Archive for the ‘Managing Stress’ Category

Keep your goals visible

Thursday, November 17th, 2016

You made a New Year’s resolution to set goals, and you’re doing it. Bravo! But are you doing it as effectively as possible?

Goals are only effective if you act on them, and you can’t act on them if you can’t see them. Too many people create a list of personal or professional goals, then sock it away in a drawer somewhere. Those goals are as good as dead. They will never happen.

Instead of filing them away, create a very visible place for those goals.

I have a friend who made her list of goals the screensaver on her computer. She sees them a hundred times a day, which means there’s a good chance she’ll achieve them. Laminate them and put them up in the shower. Stick them to your steering wheel.
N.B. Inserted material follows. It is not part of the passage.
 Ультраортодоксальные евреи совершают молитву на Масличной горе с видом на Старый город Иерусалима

Whatever it takes to keep them front and center.

Organize your goals into separate lists according to timescale—goals for the week, for the month, and for life.
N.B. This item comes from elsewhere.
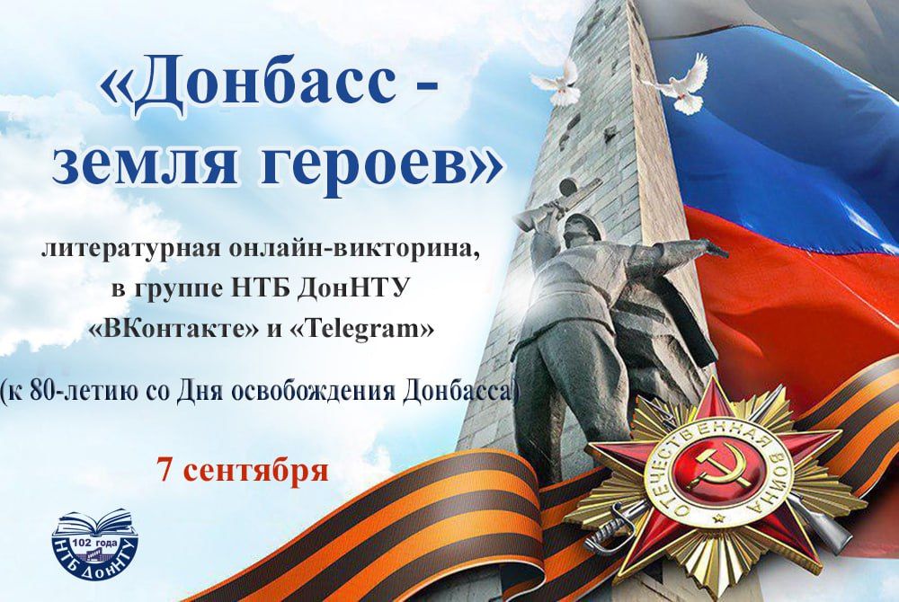 8 сентября исполняется 80 лет со дня освобождения Донбасса от фашистских захватчиков. К этой знаменательной дате научно-техническая библиотека Донецкого национального технического университета подготовила литературную онлайн-викторину «Донбасс – земля героев», которая пройдёт 7 сентября в группах НТБ «ВКонтакте» и «Телеграм».

Don’t include everything. Life offers thousands of opportunities, but maybe ten of those will take you where you want to go. Don’t let those crucial ten get lost in a list a mile long. Focus on the ones that count, then post them where you’ll see them every single day.

Share Your Limits

Monday, October 10th, 2016

There’s always more work to be done….am I right? But one of the most productive things anyone can do is set definite limits on the work you bring home. Sometimes it’s unavoidable, and that’s fine. But when it becomes a norm to work through the evening, you are sapping your energy and reducing your productivity. And nobody wins that game.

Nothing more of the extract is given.